> ABOUT THIS TASK:
Transcribe all records exactly; omit pictures.

-------- DATASET ENTRIES --------

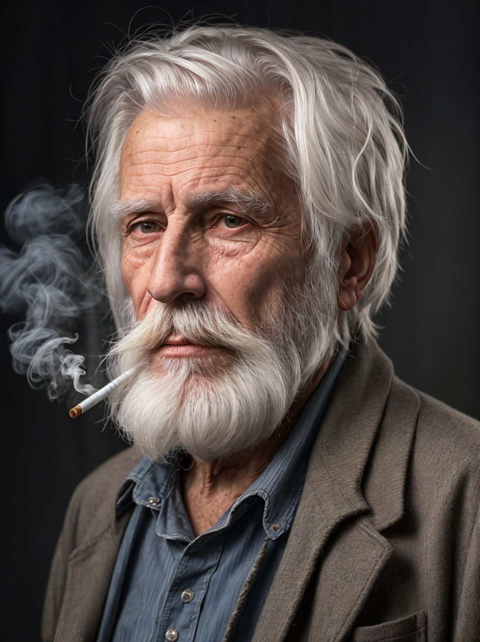 Prompt: portrait of an elderly man, 70 years old, with a beard and white hair, the beard and hair are long, dirty and unkempt, he looks sad and tired, the facial wrinkles are detailed as are the pores of the skin, (he keeps in mouth a cigarette:1.2), (from which a cloud of smoke comes out), he is wearing dirty and worn clothes, in the background a dirty and peeling wall, focused foreground, night, dim light, hd,
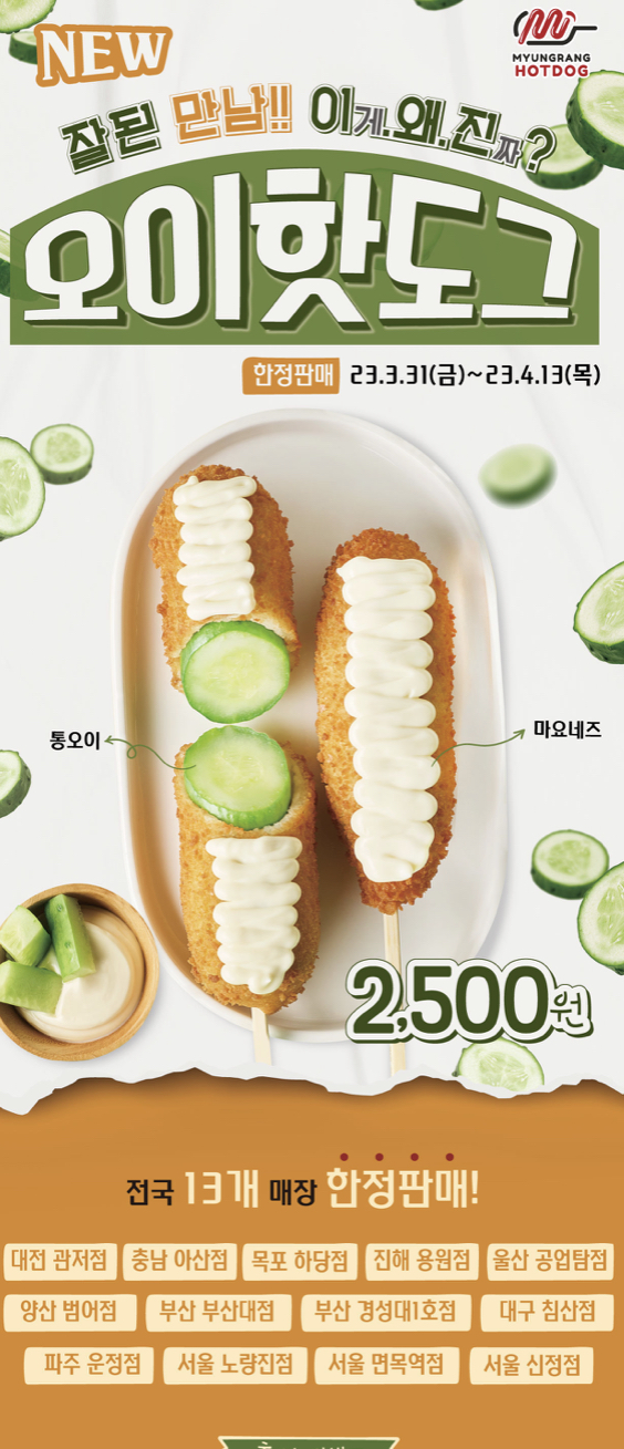 전국 13개 지점에서만 한정 판매하는 오이핫도그
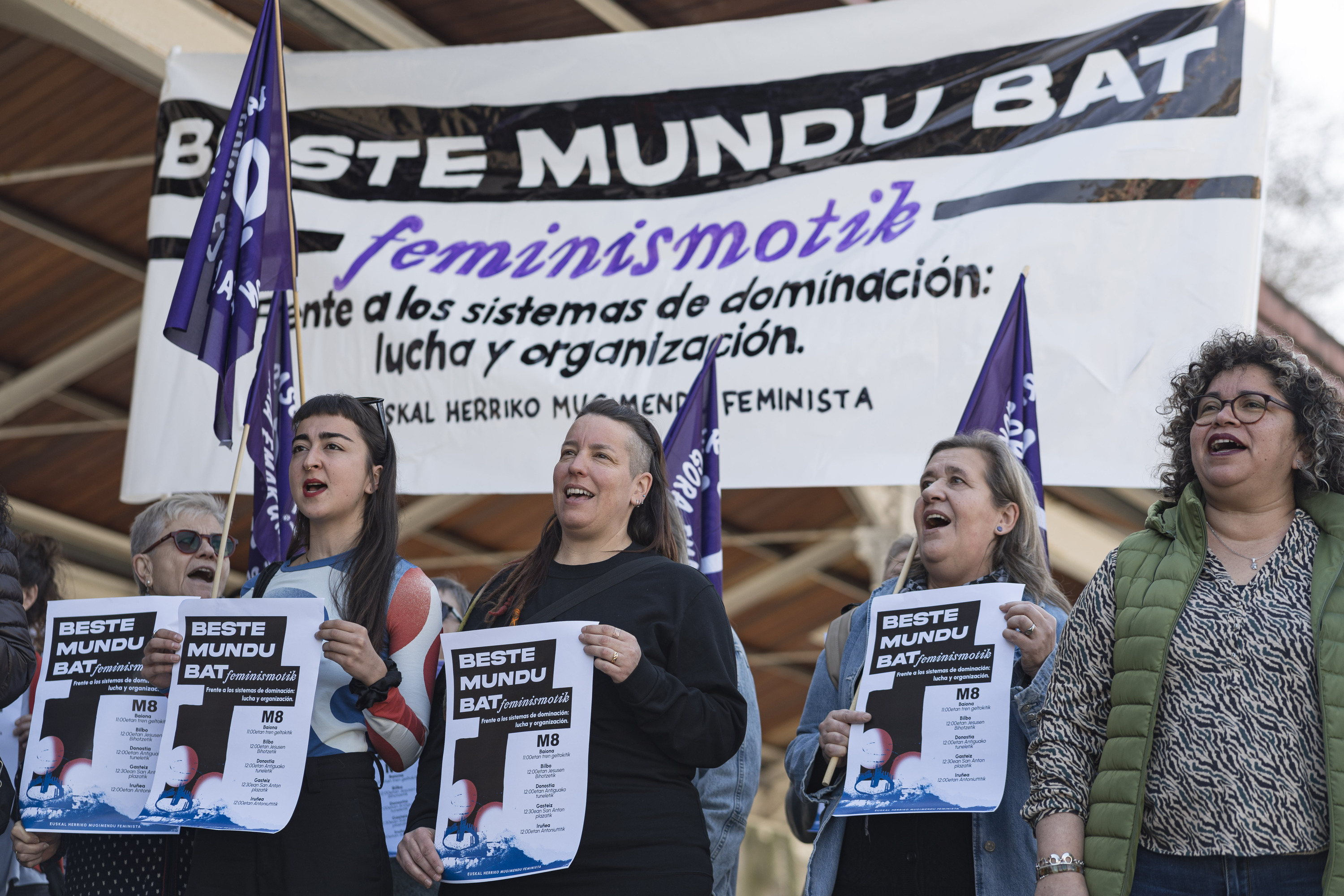 Ate joka dabil Martxoaren 8a. Eta, urtero lez, Euskal Herriko Mugimendu Feministak kalera ateratzeko deia egin die emakumeei, transei eta lesbianei, Beste mundu bat feminismotik leloaren pean. Elene Lopetegik eta Mariana Urcuyok kolektibo feministen izenean irakurri duten adierazpenean ohartarazi dute «noraeza, etsipena eta beldurra» gailentzen ari direla. Hori ikusirik, nabarmendu dute ez direla «isilik» eta «otzan» geratuko, eta sistema kapitalista zisheteropatriarkal, kolonial eta arrazistari aurre egingo diotela. Aurten M-8a igandez izango dela eta, Euskal Herriko hiriburuetan goizerako antolatu dituzte manifestazioak, baina gainerako herrietan egingo diren mobilizazioetan parte hartzeko deia ere egin dute.
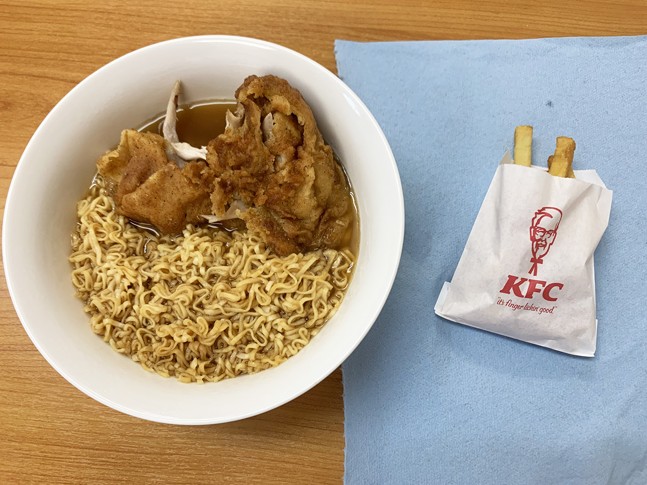 ケンタッキーで作る「オリジナルチキンラーメン」が100倍ウマイ! 骨の出汁で濃縮するスープとスパイシーさが超最強!!ロケットニュース24。
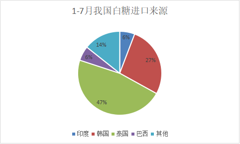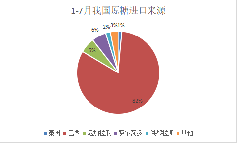 2025年1-7月我國進口食糖179萬噸,其中白糖16.84萬噸,從泰國進口最多7.92萬噸,其次是韓國4.59萬噸,第三從印度和巴西各進口約1萬噸;原糖161.25萬噸,其中從巴西進口最多132.29萬噸,占比高達82%,其次從尼加拉瓜和薩爾瓦多各進口9-9.6萬噸,還有2.4萬噸、2.9萬噸分別從泰國和洪都拉斯進口。
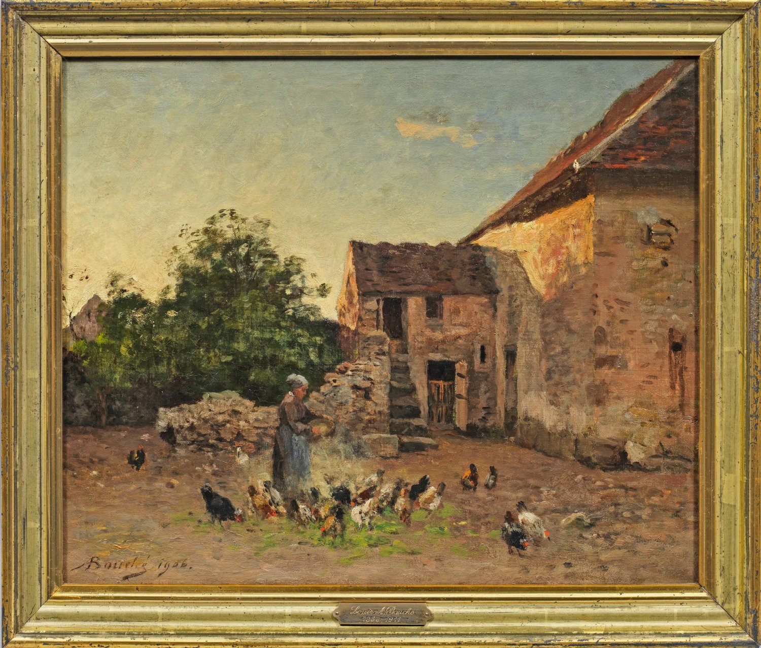 Darstellung einer Magd, im schattigen Innenhof die Hühner fütternd, während die Strahlen der tief stehenden Sonne den Himmel warm erhellen. Stimmungsvolle Impression Bouchés, der von Jean-Baptiste Camille Corot ausgebildet wurde und neben einigen wenigen Porträts überwiegend Landschaften schuf. Öl/Lwd.; L. u. sign. u. dat. 1906. 38,5 cm x 46 cm. Rahmen.
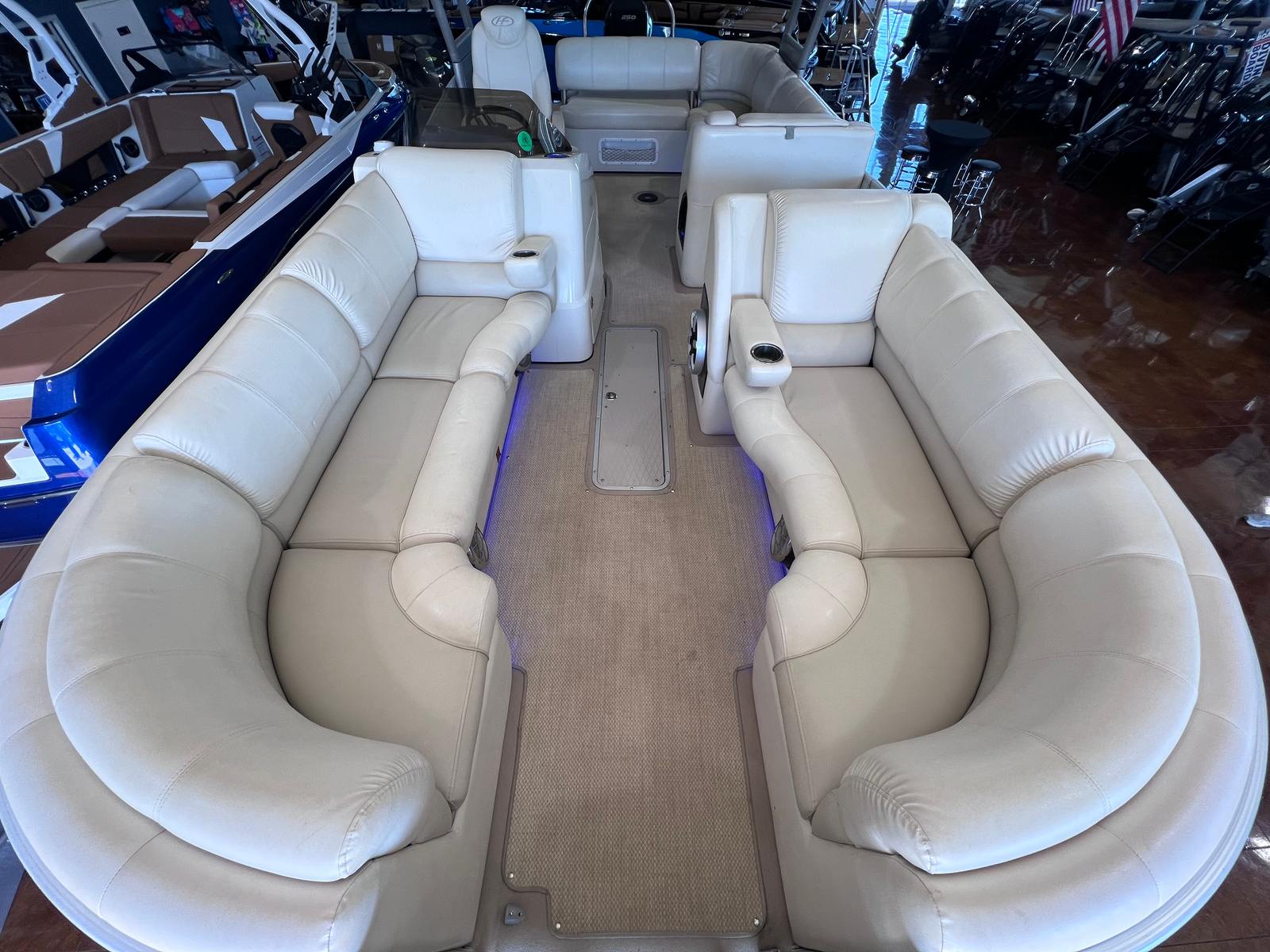The Harris Grand Mariner 230 is thoughtfully designed with features that enhance both comfort and convenience. The 23-foot length provides a spacious deck area, allowing guests to move freely and enjoy the open layout. Plush seating invites relaxation, while the sturdy construction ensures a stable and secure ride. The pontoon’s layout is perfect for hosting gatherings, with plenty of room for coolers, snacks, and water toys. The high-quality materials and attention to detail are evident throughout, reflecting Harris’s reputation for excellence in pontoon boat manufacturing.
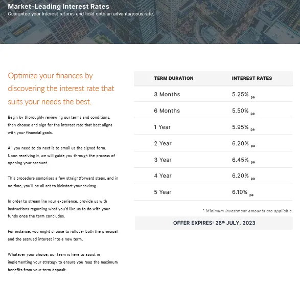 High interest rate guaranteed for the term. You choose the timeframe.
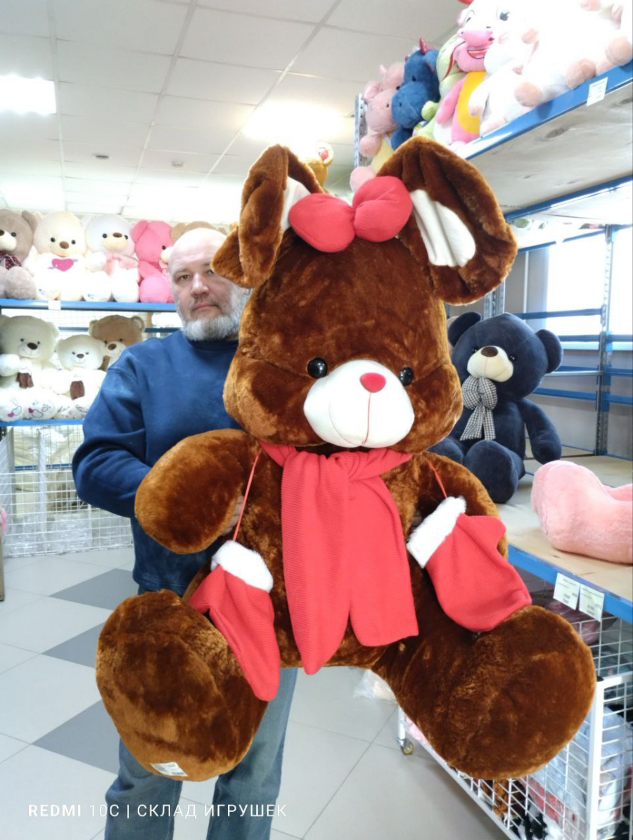 Заяц коричневый с варежками и шарфом 90см. спина
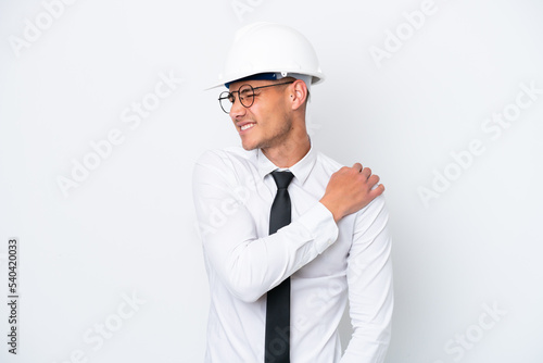 Young architect caucasian man with helmet and holding blueprints isolated on white background suffering from pain in shoulder for having made an effort
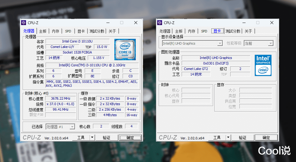 对机器大致有个了解之后呢,接下来咱们进行性能的体验。英特尔i3-10110U这款处理器是一个十代U,双核心四线程,主频为2.1GHz,最大睿频4.1GHz,TDP为15W,是一些低价移动平台经常采用的配置。

--------

> RESPONSE FOR THIS EXERCISE:
 Prompt: portrait of an elderly man, 70 years old, with a beard and white hair, the beard and hair are long, dirty and unkempt, he looks sad and tired, the facial wrinkles are detailed as are the pores of the skin, (he keeps in mouth a cigarette:1.2), (from which a cloud of smoke comes out), he is wearing dirty and worn clothes, in the background a dirty and peeling wall, focused foreground, night, dim light, hd,
 전국 13개 지점에서만 한정 판매하는 오이핫도그
 Ate joka dabil Martxoaren 8a. Eta, urtero lez, Euskal Herriko Mugimendu Feministak kalera ateratzeko deia egin die emakumeei, transei eta lesbianei, Beste mundu bat feminismotik leloaren pean. Elene Lopetegik eta Mariana Urcuyok kolektibo feministen izenean irakurri duten adierazpenean ohartarazi dute «noraeza, etsipena eta beldurra» gailentzen ari direla. Hori ikusirik, nabarmendu dute ez direla «isilik» eta «otzan» geratuko, eta sistema kapitalista zisheteropatriarkal, kolonial eta arrazistari aurre egingo diotela. Aurten M-8a igandez izango dela eta, Euskal Herriko hiriburuetan goizerako antolatu dituzte manifestazioak, baina gainerako herrietan egingo diren mobilizazioetan parte hartzeko deia ere egin dute.
 ケンタッキーで作る「オリジナルチキンラーメン」が100倍ウマイ! 骨の出汁で濃縮するスープとスパイシーさが超最強!!ロケットニュース24。
 2025年1-7月我國進口食糖179萬噸,其中白糖16.84萬噸,從泰國進口最多7.92萬噸,其次是韓國4.59萬噸,第三從印度和巴西各進口約1萬噸;原糖161.25萬噸,其中從巴西進口最多132.29萬噸,占比高達82%,其次從尼加拉瓜和薩爾瓦多各進口9-9.6萬噸,還有2.4萬噸、2.9萬噸分別從泰國和洪都拉斯進口。
 Darstellung einer Magd, im schattigen Innenhof die Hühner fütternd, während die Strahlen der tief stehenden Sonne den Himmel warm erhellen. Stimmungsvolle Impression Bouchés, der von Jean-Baptiste Camille Corot ausgebildet wurde und neben einigen wenigen Porträts überwiegend Landschaften schuf. Öl/Lwd.; L. u. sign. u. dat. 1906. 38,5 cm x 46 cm. Rahmen.
The Harris Grand Mariner 230 is thoughtfully designed with features that enhance both comfort and convenience. The 23-foot length provides a spacious deck area, allowing guests to move freely and enjoy the open layout. Plush seating invites relaxation, while the sturdy construction ensures a stable and secure ride. The pontoon’s layout is perfect for hosting gatherings, with plenty of room for coolers, snacks, and water toys. The high-quality materials and attention to detail are evident throughout, reflecting Harris’s reputation for excellence in pontoon boat manufacturing.
 High interest rate guaranteed for the term. You choose the timeframe.
 Заяц коричневый с варежками и шарфом 90см. спина
 Young architect caucasian man with helmet and holding blueprints isolated on white background suffering from pain in shoulder for having made an effort
 对机器大致有个了解之后呢,接下来咱们进行性能的体验。英特尔i3-10110U这款处理器是一个十代U,双核心四线程,主频为2.1GHz,最大睿频4.1GHz,TDP为15W,是一些低价移动平台经常采用的配置。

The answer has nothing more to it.